Sale of Agricultural Land: If the sellers are Adivasi farmers and the land is agricultural land, the sale may qualify for exemption from capital gains tax under Section 10(37) if the land is used for agricultural purposes and is not in a specified urban area. The sellers must ensure that they fulfill the conditions for this exemption.

Income Tax on Sale: If the land is sold at a value greater than the cost of acquisition, the sellers may be liable for capital gains tax. However, considering the nature of the transaction (agricultural land) and the fact that the buyers are Adivasi, it may be eligible for tax exemption under Section 10(37), provided the other conditions are met (e.g., if the land is used for agriculture and is not part of a non-agriculture project or development).

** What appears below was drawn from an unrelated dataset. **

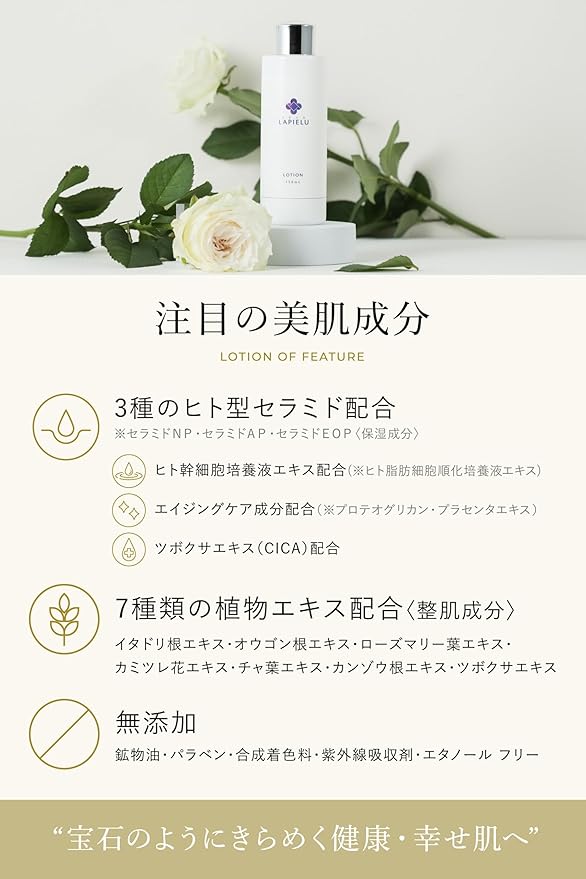 【ヒト幹細胞化粧水】ラピエル ローション 美水 美顔水 保湿 導入化粧水 エイジングケア セラミド さらさら しっとり 高保湿 EGF プロテオグリカン プラセンタ CICA 日本製 大容量 毛穴 くすみ 乾燥肌 敏感肌 150ml LAPIELU | oioioichan

Pan Card and Reporting: Even though the sellers are Adivasi farmers, they are required to have PAN cards for tax reporting purposes. Any capital gain, if applicable, must be reported by the sellers. If the transaction is exempt, the sellers may not need to pay tax but should keep all documentation related to the sale and agricultural use of the land for future reference.

02 December 2025 Thank You Very Much Sir, All doubts regarding Taxation are clear. We make specific TC in Sale Agreement about excess payment and Refund.

02 December 2025 Tried to give you generalized answer to all your doubts, but would advise to consult local professional for specific query before finalizing agreement.